Repercussions of a Different Flow. Changing the flow exposed a few latent shortcomings of later passes unprepared to optimize different patterns. Two tests revealed suboptimal instruction-selection in our backend, contributing 30% and 47% improvements over early when fixed. One case involved an InstCombine phi optimization — folding constants into phi-nodes — which created a pattern that scalar-evolution analysis (SCEV) failed to handle, directly effecting memory access computations and resulting in degradations of five tests. Fixing this issue improved two tests by 42% and 70%, turning three tests from failure-to-compile by early to success on par with base. One of these three tests is pointsTracker, shown also in Figure 8. Lastly, seven tests failed to vectorize a loop due to an unexpected type conversion within an accumulation pattern, exposing a known latent deficiency of LV. The early invocation of Loop Rotation in preparation for flattening caused InstCombine to chose a different canonicalization of type conversion. These tests suffered huge performance loss — fixing the issue brought 9x-177xspeedups, even though their loops are free of control-flow, i.e., no flattening actually took place.

**Vectorizing Masked Code.** The simple enhancement to reverse-if-conversion in *early-tuned* provided 36%–91% improvements by enabling improved SLP/loop-vectorization thanks to reduced fragmentation into small basic-blocks. In *rangeHisto* (shown also in Figure 8), this fixed an initial 55% degradation.

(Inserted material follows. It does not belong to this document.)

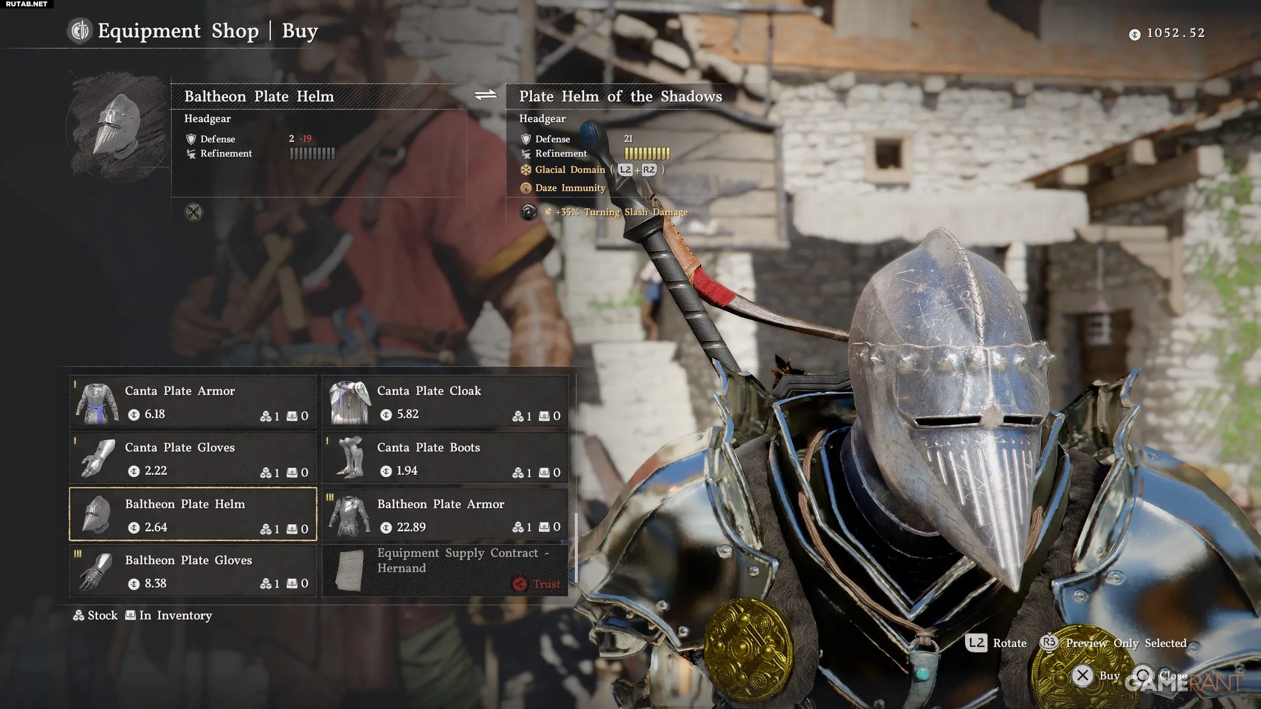 Чтобы получить Броню Балтеона, потребуется Корона Эрнанда и визит в Лавку снаряжения в Городе Эрнанд. Ниже мы покажем, где найти оба этих предмета, а также продемонстрируем сам набор брони с его характеристиками.

A secondary issue involves an internal optimization that operates before LV and lacked support for masked operations. Fixing it improved ten tests by 5%–86%. This demonstrates how a permuted flow can help stress-test a compiler, uncover

latent unsupported cases, and improve the compiler's overall robustness.

Merging Masked Loads and Stores. This optimization fuses groups of masked loads and stores together. It improves the performance of *early* for a few tests by 8%–35%, thereby closing their gaps with *base*. It also helps further accelerate a few other tests which *early* improves over *base*, reaching 18%–25%, with *NHWCQuant* of Figure 8 among them. The control-flow merging of loads and stores employed by *base* may thus have opportunities for improvement, but so does the merging of masked loads and stores employed by *early-tuned*, as we show next.

# 4.4 Remaining Degradations

The remaining few degradations, on the right of Figure 7, fall into two main categories: under-optimized memory-accesses and sub-optimal handling of new IR patterns.

Merging masked loads and stores employed by *early-tuned* produces inferior results to control-flow merging employed by *base*, on two tests. Early CFG-flattening of another test obstructs a LICM opportunity involving an invariant selection of base addresses, leading to two masked loads instead of one, which *early-tuned* is unable to merge. The patterns exposed by these tests provide opportunities for further tuning and improvement of *early-tuned*.

The remaining performance losses are associated with poorer canonicalization of *early-tuned* compared to *base*, due to transformations described earlier (§4.2), that resulted in **gains for other tests**: missed folding of type-conversions into loads due to masking and lack of if-to-switch conversion. For example, *HarrisSample* (shown also in Figure 8) suffered a 36% degradation due to a blocked canonicalization of datatypes around loads, and *NHWCQuantizeOpt* suffered a 14% degradation due to improved optimization of mask-logic in *base* following if-to-switch simplification.

# 5 Discussion

Several alternatives to applying if-conversion early are surveyed next, along with tradeoffs and design-decisions that motivated and guided our proposed approach.

#### 5.1 Alternative Mitigations and their Drawbacks

Section 2 examines four scenarios where memory accesses became more difficult to optimize because of optimizations around branches. Several alternative approaches to early if-conversion can be applied to try and remedy this predicament, but have significant drawbacks:

Fix potentially offending Passes: treat the root cause — go after passes liable to "pessimize" memory-accesses and teach them to be "smarter" by equipping them with cost-models that can guide them towards more informed

decisions. Such cost-models, however, involve compile-time-consuming analyses including Scalar Evolution (SCEV), memory aliasing, and fusion of strided accesses into interleave-groups, which are not suitable to apply within cleanup Passes that are invoked many times. Furthermore, these cost-models may depend on opportunities and preferences of later passes that may consider a wider context, so fit better within them, rather than within local opportunistic simplifications.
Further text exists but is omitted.